We work with Dalits, Muslim minorities, and Musahar communities — historically dehumanized and still discriminated against. Before you can talk about behavior change, you need to bridge massive information gaps. That’s urgent because almost every second child is malnourished, and nearly every mother is anemic, which are both really problematic.

What’s one big challenge you’ve faced so far?

Interestingly, opening a bank account was a massive challenge. It took six months. Government banks didn’t know how to support a non-profit. Private banks weren’t much better.

Another challenge is the way some men respond to women in leadership. They don’t know how to deal with women who assert themselves. Many people didn’t know how to interact with a woman asserting herself in these spaces. They’d ignore me, question my presence, or act like I didn’t belong. There’s also resistance from mid-level government staff — not frontline workers or top officials, but the ones in between. They’re suspicious of us, maybe worried we’ll uncover something. But we’re not grassroots reporters, we are grassroots practitioners.

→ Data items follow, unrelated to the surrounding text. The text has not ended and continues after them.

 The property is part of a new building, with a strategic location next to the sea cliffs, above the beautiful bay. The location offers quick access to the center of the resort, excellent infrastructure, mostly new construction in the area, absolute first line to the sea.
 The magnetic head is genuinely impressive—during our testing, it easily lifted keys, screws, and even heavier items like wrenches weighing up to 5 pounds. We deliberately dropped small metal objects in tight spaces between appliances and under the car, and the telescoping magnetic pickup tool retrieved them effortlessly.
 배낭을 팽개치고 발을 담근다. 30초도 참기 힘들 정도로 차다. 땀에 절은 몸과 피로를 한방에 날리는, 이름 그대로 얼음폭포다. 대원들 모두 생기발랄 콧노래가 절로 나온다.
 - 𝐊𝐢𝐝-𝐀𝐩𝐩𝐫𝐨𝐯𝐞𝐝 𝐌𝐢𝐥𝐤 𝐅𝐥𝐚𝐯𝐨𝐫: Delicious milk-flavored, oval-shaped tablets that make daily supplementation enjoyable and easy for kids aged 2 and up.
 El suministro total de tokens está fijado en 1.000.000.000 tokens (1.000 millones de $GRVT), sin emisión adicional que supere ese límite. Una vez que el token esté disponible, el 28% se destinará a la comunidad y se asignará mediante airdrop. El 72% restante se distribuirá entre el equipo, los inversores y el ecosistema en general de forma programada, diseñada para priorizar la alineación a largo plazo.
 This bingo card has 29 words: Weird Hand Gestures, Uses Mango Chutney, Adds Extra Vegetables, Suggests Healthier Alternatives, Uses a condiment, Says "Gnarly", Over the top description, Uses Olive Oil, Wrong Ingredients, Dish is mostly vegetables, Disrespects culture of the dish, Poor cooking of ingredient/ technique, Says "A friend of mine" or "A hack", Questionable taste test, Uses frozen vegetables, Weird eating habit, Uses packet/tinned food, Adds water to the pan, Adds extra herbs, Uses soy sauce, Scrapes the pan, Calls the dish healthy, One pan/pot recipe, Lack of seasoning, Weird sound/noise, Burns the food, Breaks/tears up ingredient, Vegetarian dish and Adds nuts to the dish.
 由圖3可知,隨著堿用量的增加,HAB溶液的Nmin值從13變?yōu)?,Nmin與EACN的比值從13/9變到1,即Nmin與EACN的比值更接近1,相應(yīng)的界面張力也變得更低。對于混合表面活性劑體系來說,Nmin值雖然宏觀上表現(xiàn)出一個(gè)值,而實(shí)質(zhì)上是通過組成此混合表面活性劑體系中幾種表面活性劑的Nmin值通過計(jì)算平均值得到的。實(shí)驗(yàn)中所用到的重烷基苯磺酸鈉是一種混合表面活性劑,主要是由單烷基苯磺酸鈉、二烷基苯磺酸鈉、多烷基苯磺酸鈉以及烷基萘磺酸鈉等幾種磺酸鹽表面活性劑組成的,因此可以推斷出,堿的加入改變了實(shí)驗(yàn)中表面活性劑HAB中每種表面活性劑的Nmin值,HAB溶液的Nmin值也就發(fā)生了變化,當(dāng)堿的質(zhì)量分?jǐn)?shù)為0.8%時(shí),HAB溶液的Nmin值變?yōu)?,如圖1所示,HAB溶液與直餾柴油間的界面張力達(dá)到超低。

Surprisingly, most of the pushback often came from the more “educated” crowd — extended family, acquaintances, friends. But on the ground, in the communities and schools, the response was warm and affirming. 

What kind of change are you hoping to create?

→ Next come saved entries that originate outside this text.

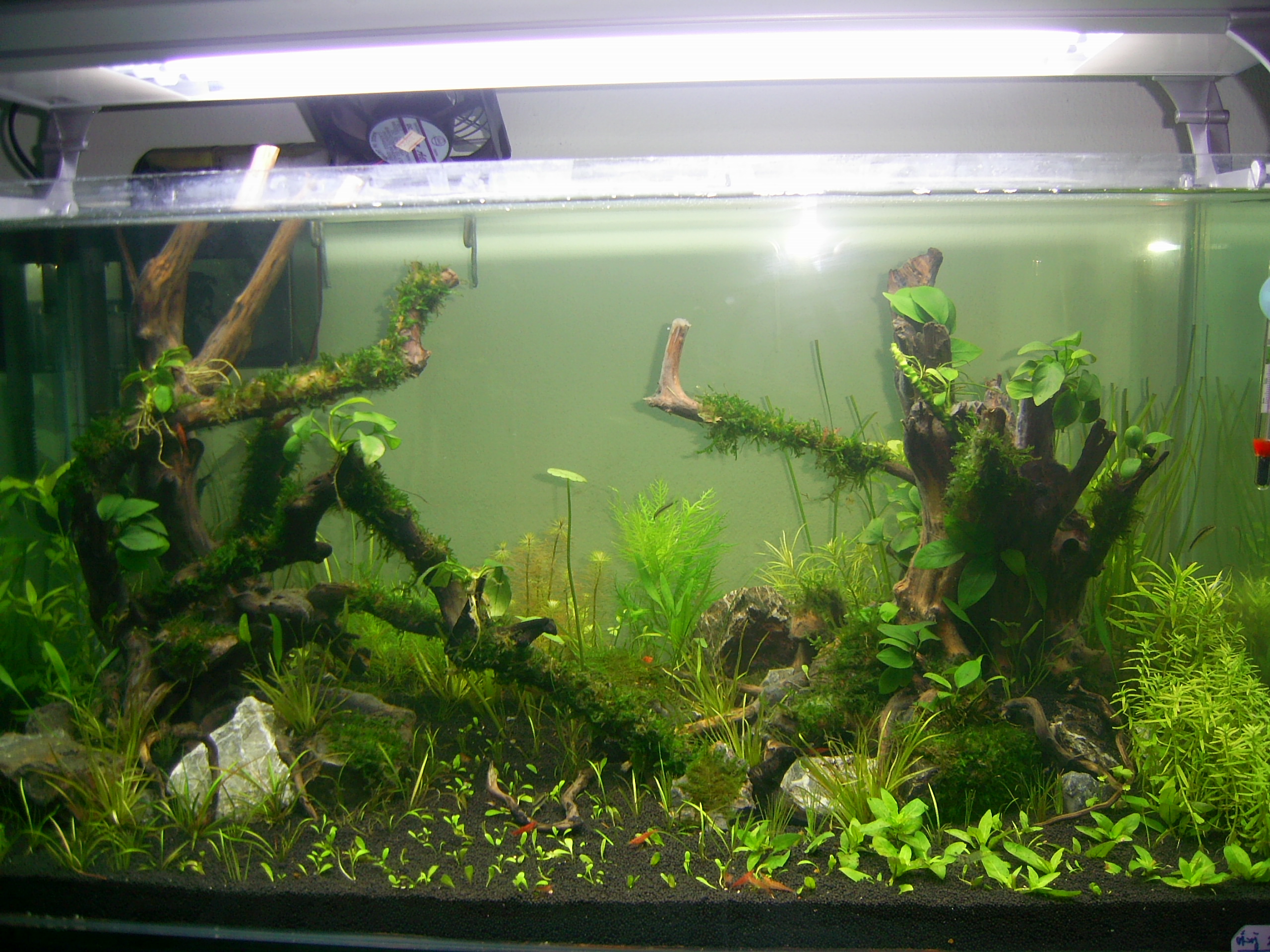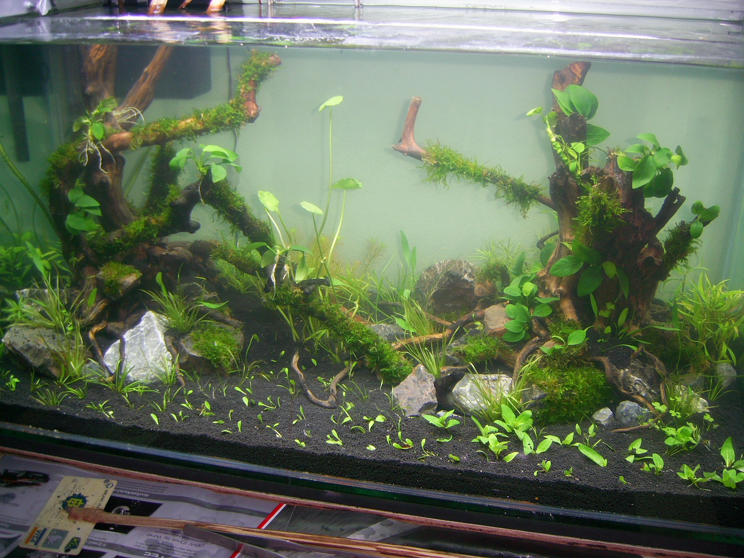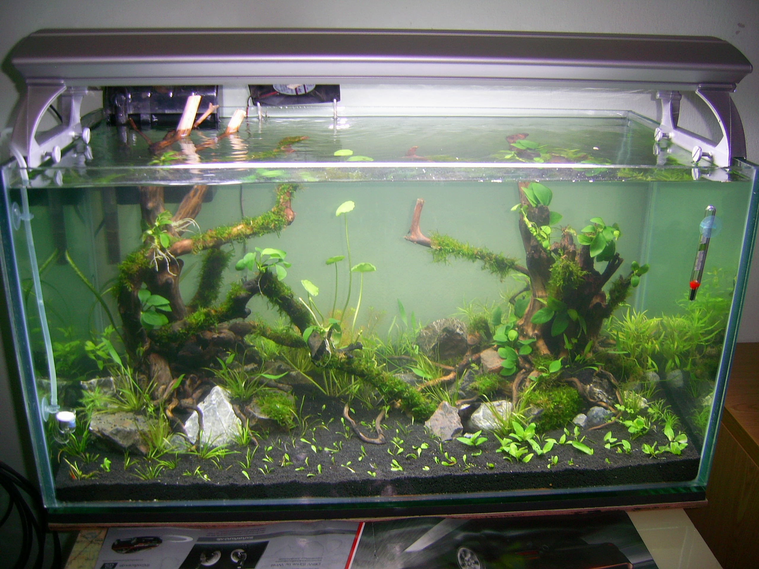 เริ่มได้สวยครับ ได้อามรมณ์แบบป่าอเมซอนดีครับ ความคิดเห็นส่วนตัวนะครับ ลองย้ายต้นสูงๆก้านยาวๆตรงกลางตู้ไปไว้มุมใดมุมหนึ่งน่าจะดูดีกว่า หาพวกคลิปมาใส่บริเวณขอนเพิ่มอีกนิด
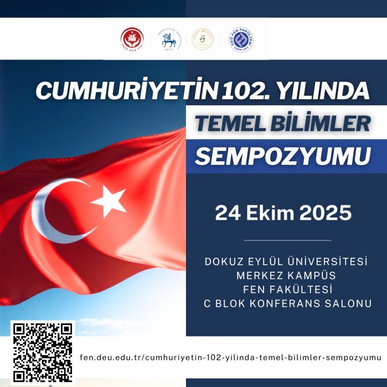 Dokuz Eylül Üniversitesi Fen Fakültesi olarak, Cumhuriyetimizin 102. yılı anısına 24 Ekim 2025 tarihinde Fen Fakültesi Konferans Salonu’nda gerçekleştireceğimiz “Cumhuriyet’in 102. Yılında Temel Bilimler Sempozyumu”na sizleri davet etmekten memnuniyet duyarız.
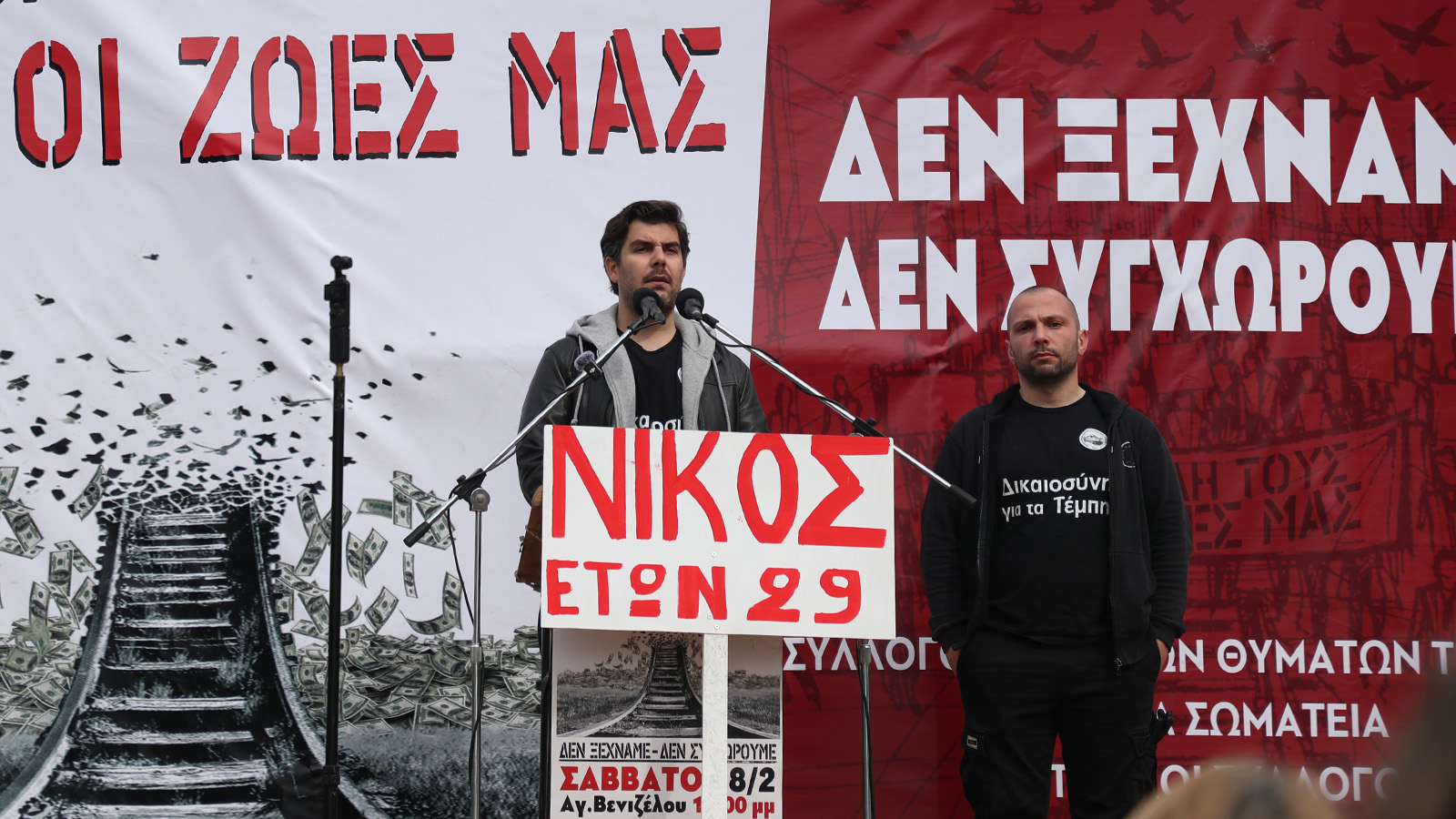 «Η μεγάλη σημερινή απεργιακή συγκέντρωση είναι η καλύτερη απάντηση απέναντι σε όσους νόμιζαν ότι ξεμπέρδεψαν, ότι η οργή και η αποφασιστικότητα των χιλιάδων εργαζομένων, φοιτητών και μαθητών θα εκτονωθεί μέσα και από διάφορους επίδοξους ”σωτήρες” που νομίζουν ότι μπορούν να κοροϊδέψουν έναν ολόκληρο λαό. Σε αυτή τη μεγάλη συγκέντρωση θα θέλαμε να μεταφέρουμε με ευγνωμοσύνη το μήνυμα του Συλλόγου μας για τα τρία χρόνια από ένα ακόμα προδιαγεγραμμένο έγκλημα. Τρία χρόνια πριν, μια νύχτα που για μας δεν ξημέρωσε ποτέ, χάσαμε τους αγαπημένους μας, 57 ανθρώπους, οι περισσότεροι νέα παιδιά, γεμάτα όνειρα. Εν έτει 2023, μία επιβατική αμαξοστοιχία και μία εμπορική κινούνταν για 12 λεπτά αντίθετα, στην ίδια γραμμή, τη γραμμή καθόδου, στον κεντρικό σιδηροδρομικό άξονα της χώρας Αθήνα – Θεσσαλονίκη. Χωρίς να λειτουργεί ούτε ένα σύστημα ασφαλείας, χωρίς να υπάρχει ούτε μία ασφαλιστική δικλείδα που θα μπορούσε να αποτρέψει τη σύγκρουση.

If no child under five and no adolescent ever suffered from malnutrition, that would be the dream. More so, because malnutrition is about lost opportunities, too: kids dropping out, girls getting trapped in early pregnancies, stunted brain development leading to lifelong economic disadvantages.

Every mother should be able to access health and nutrition services without fear or bribes. These services are technically free, but often, not in practice.

What’s next for you?

We’re building proof-of-concept models that can show deep, sustained impact — not vanity metrics. Because poverty is at the root of malnutrition, we’re creating livelihood opportunities for women. Not just jobs, but dignified work that gives them purchasing power and autonomy.

Even if we work with just one district or a few panchayats for years, that’s fine. Impact takes time. This isn’t a “we reached 20,000 people” kind of story. We don’t want surface-level scale — we want meaningful change.